Moratorie fiscali, molte imprese agricole sperano nella possibilità di poter rinegoziare il debito, con la garanzia di Ismea e Mediocredito centrale. Verso quale direzione si sta andando in legge di bilancio?
«Grazie agli strumenti messi in campo da Ismea ma soprattutto alla novità dell’accesso diretto al Fondo di Garanzia di Mediocredito centrale, le imprese agricole sono riuscite finalmente ad avere un accesso al credito più semplice e concreto. Abbiamo, infatti, superato i 5 miliardi di euro di impieghi: le porte delle banche non sono più ‘girevoli’ per i nostri agricoltori. Il nostro impegno continua verso l’elaborazione di misure ad hoc, calzate sui diversi settori agricoli, ognuno con le sue peculiarità. La questione moratoria ha una matrice più ampia che parte da nuove imposizioni dell’EBA, l’Autorità Bancaria Europea, che ha imposto a tutti gli istituti bancari che un ulteriore accesso delle imprese alla moratoria avrebbe potuto peggiorare il rating della posizione aziendale presso la stessa banca. Gli istituti finanziari, infatti, dovrebbero classificare chi rinnova la moratoria come “forborne”: una posizione è classificata tale se la misura di tolleranza di cui beneficia è accordata ad un debitore che si trova o è in procinto di trovarsi in difficoltà a rispettare i propri impegni finanziari. Pregiudicando così il resto dei finanziamenti dell’impresa. Dopo la nostra denuncia, abbiamo visto però che il presidente ABI Patuelli ha annunciato presto un intervento risolutivo che ci auguriamo giunga presto».
 
Costo delle materie prime e dei trasporti, quali strumenti sono stati previsti in legge di bilancio a sostegno delle imprese agricole su questo fronte?

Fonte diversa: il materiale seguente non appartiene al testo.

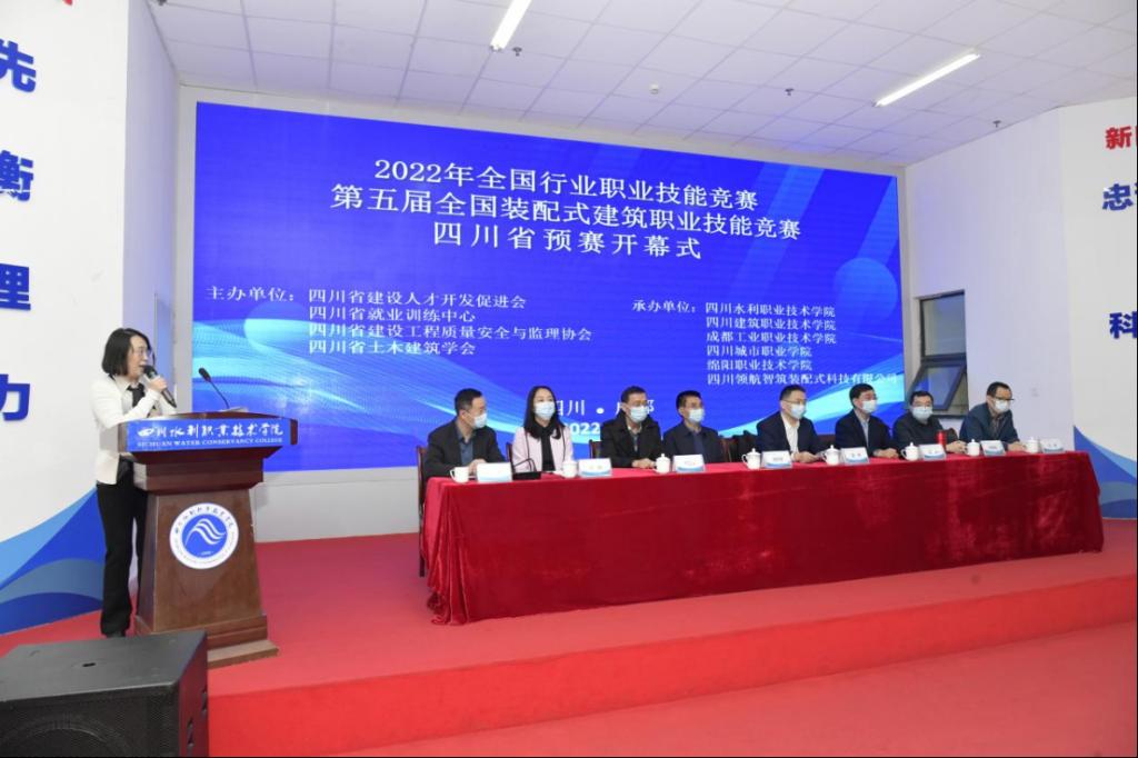 为进一步贯彻落实党的二十大报告中关于科技强国、人才强国的重要精神,11月12日,2022年全国行业职业技能竞赛—第五届全国装配式建筑职业技能竞赛四川省预赛在四川水利职业技术学院图书馆学术报告厅顺利开幕。四川水利职业技术学院、四川省住房和城乡建设厅人事教育处、四川省建设人才开发促进会、四川省建设工程质量安全与监理协会、四川省土木建筑学会、《四川建筑》杂志社等单位领导代表出席开幕式并致辞,本次竞赛专家委员会专家、各承办单位领导以及裁判人员、参赛代表和大赛全体工作人员参加开幕式。

«L’aumento dei costi è generalizzato ed è una conseguenza inevitabile della ripresa post-pandemia. Il comparto agricolo produce materie prime e, pertanto, alcuni settori hanno persino beneficiato di questo aumento dei prezzi, come ad esempio il cerealicolo. Altri, come la zootecnia, hanno visto schizzare i costi alle stelle. Per queste imprese stiamo cercando di elaborare strumenti di credito che possano dare loro ossigeno in un periodo particolare che dovrebbe assestarsi solo nella seconda metà del 2022, secondo le previsioni. L’unica arma per affrontare le tempeste sui mari dei mercati globali è quello di aggregarsi e fare sistema: ci sono strumenti e risorse. Abbiamo 1,2 miliardi di euro per i contratti di filiera e di distretto, a cui si aggiungono altri 120 milioni in Legge di Bilancio, che servono per fare rete tra le imprese di un territorio o di una filiera agroalimentare. Vi è poi lo strumento della CUN, la Commissione Unica Nazionale che mette attorno ad un tavolo produttori e trasformatori affinché si possa giungere ad una rilevazione trasparente e veritiera dei prezzi dei beni agricoli, a tutela della parte debole del singolo comparto. Sulla logistica interveniamo con 800 milioni di euro nel PNRR: senza infrastrutture che permettano ai prodotti freschi di arrivare sulle tavole dei consumatori in tempo utile si perdono grosse fette di marginalità e di competitività nei confronti dei competitor stranieri».
 
Il settore vinicolo per far fronte all’aumento dei costi di produzione e distribuzione ha chiesto misure straordinarie di alleviamento della tassazione sul lavoro e di contenimento dei costi dell’energia. Siete riusciti a trovare una sintesi?
«Le imprese agricole possono, e anzi devono, diversificare e divenire produttrici di energia. Nel Pnrr stanziamo ben 1,5 miliardi di euro per il Parco Agrisolare finalizzato all’ammodernamento e alla produzione di energia rinnovabile dalle coperture produttive delle strutture aziendali nonché 1,92 miliardi di euro per lo sviluppo del biometano e del biogas. Per ridurre la bolletta energetica delle imprese, intanto, stiamo spingendo per una revisione della struttura dei costi che estragga gli oneri generali di sistema, trasferendoli alla fiscalità generale, così da fermare i costi al reale consumo di energia».